Diese positive Kraftstoffbilanz hat eine unabhängige Jury mit dem „Blauen Engel“ ausgezeichnet. Vergeben wird das Zeichen durch das Bundesministerium für Umwelt, Naturschutz, Bau und Reaktorsicherheit, das fachlich vom Umweltbundesamt unterstützt wird. Der Blaue Engel zeichnet Produkte und Dienstleistungen aus, die umweltfreundlicher sind als vergleichbare konventionelle. Das Umweltzeichen garantiert die Einhaltung von hohen Ansprüchen an Umwelt-, Gesundheits- und Gebrauchseigenschaften.

„Wir haben seit Indienststellung des Schiffes rund 2000 Tonnen LNG getankt“, informierte Peter Eesmann, Geschäftsführer der Reederei Cassen Eils, bei der Verleihung. „Das entspricht rund 2,62 Millionen Litern Marine-Diesel, die wir eingespart haben. Eingespart haben wir auch rund zehn Tonnen Feinstaub, 240 Tonnen Stickoxide, 40 Tonnen Schwefeldioxide und rund 8500 Tonnen Kohlendioxid.“ Der Geschäftsführer der Bauwerft, Harald Fassmer, wertet das Schiff als hervorragende Referenz: „MS Helgoland erfüllt uns mit Stolz", erklärte er in Cuxhaven. „Hier wurde geforscht und erprobt, denn ein Regelwerk für LNG gab es seitens der Klassifizierung noch nicht.“ Enak Ferlemann, parlamentarischer Staatssekretär im Verkehrsministerium (CDU), begrüßte das Engagement der Reederei: „Man kann innovativ aufgestellten Unternehmen wie Firma Cassen Eils nicht genug für ihr mutiges Engagement und ihre Risikobereitschaft danken, wenn es darum geht, in der Schifffahrt konkret neue Wege durch die Umsetzung solcher Projekte zu gehen“, lobte er.

Auch die SPD-Landtagsabgeordnete Karin Logemann äußerte sich zu der Auszeichnung der Fähre: “Es ist hervorragend, wie sich das hiesige Unternehmen auf dem Markt der zukunftsorientierten Herausforderungen platziert. Der Einsatz von LNG ist richtungsweisend.” Für Logemann zeigt das Schiff, das auch im Gebiet des Weltnaturerbes Wattenmeer fährt, dass Umwelt und Wirtschaft miteinander in Einklang zu bringen sind. Für die SPD-Fraktion habe „Green Shipping“ sowohl in den Häfen als auch auf dem Meer eine hohe Bedeutung.
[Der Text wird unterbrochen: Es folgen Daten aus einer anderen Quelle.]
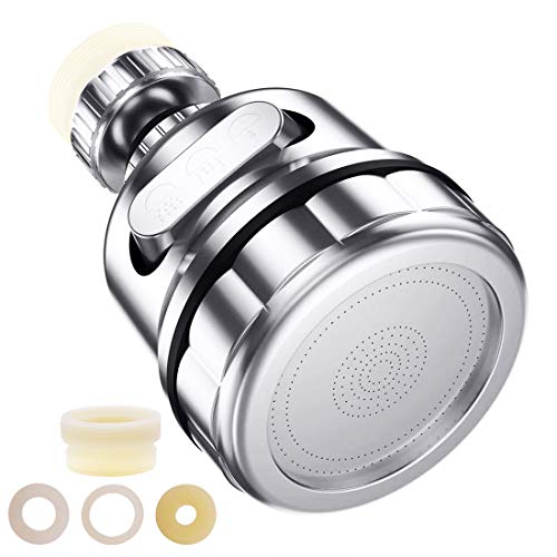 [Rotazione a 360]: Aeratore da cucina con girevole a 360 testa a sfera per regolare, Aiuta a pulire facilmente qualsiasi angolo del lavandino e a lavare e pulire facilmente piatti, padelle, pentole, frutta, ecc. Adatto per rubinetto con diametro interno 21,5-24 mm, o diametro esterno 20-22 mm. Se il calibro del rubinetto non è in questa gamma, è possibile utilizzare il convertitore all'interno dell'accessorio.

Das Helgolandschiff wurde für rund 31,5 Millionen Euro bei Fassmer in Motzen gebaut. Für das innovative LNG-Antriebssystem erhielt die Reederei einen Zuschuss der EU in Höhe von 4,175 Millionen Euro. „Wir hätten das Schiff auch ohne den Zuschuss gebaut“, sagt Bernhard Brons, Vorstand der AG-„Ems“-Gruppe. „Wir gestehen aber ein, dass der Zuschuss höchst willkommen war, da der Bau durch mehrere Ingenieure begleitet wurde, um der Komplexität und den Herausforderungen der neuen Technik gerecht zu werden.“ Der LNG-Antrieb leistet 5000 Kilowatt und macht das Fährschiff bis zu 20 Knoten schnell. Es verfügt über 1048 Sitzplätze und kann zehn Zehn-Fuß-Container oder zwei Zwanzig-Fuß-Container sowie Stückfracht befördern.

Das in der Regel einmal täglich fahrende Schiff ist für den Tourismus und für die Inselversorgung in der Küstenregion wichtig. Seit 2015 wurden mehr als 550 000 Touristen zwischen Cuxhaven und Helgoland befördert. Mehr als tausend Zehn-Fuß-Container, mehr als 3000 Rollbehälter mit über einer Million Gepäckstücken und unendlich vielen Tonnen Güter zur Inselversorgung sind in den vergangenen zwei Jahren über das Meer transportiert worden.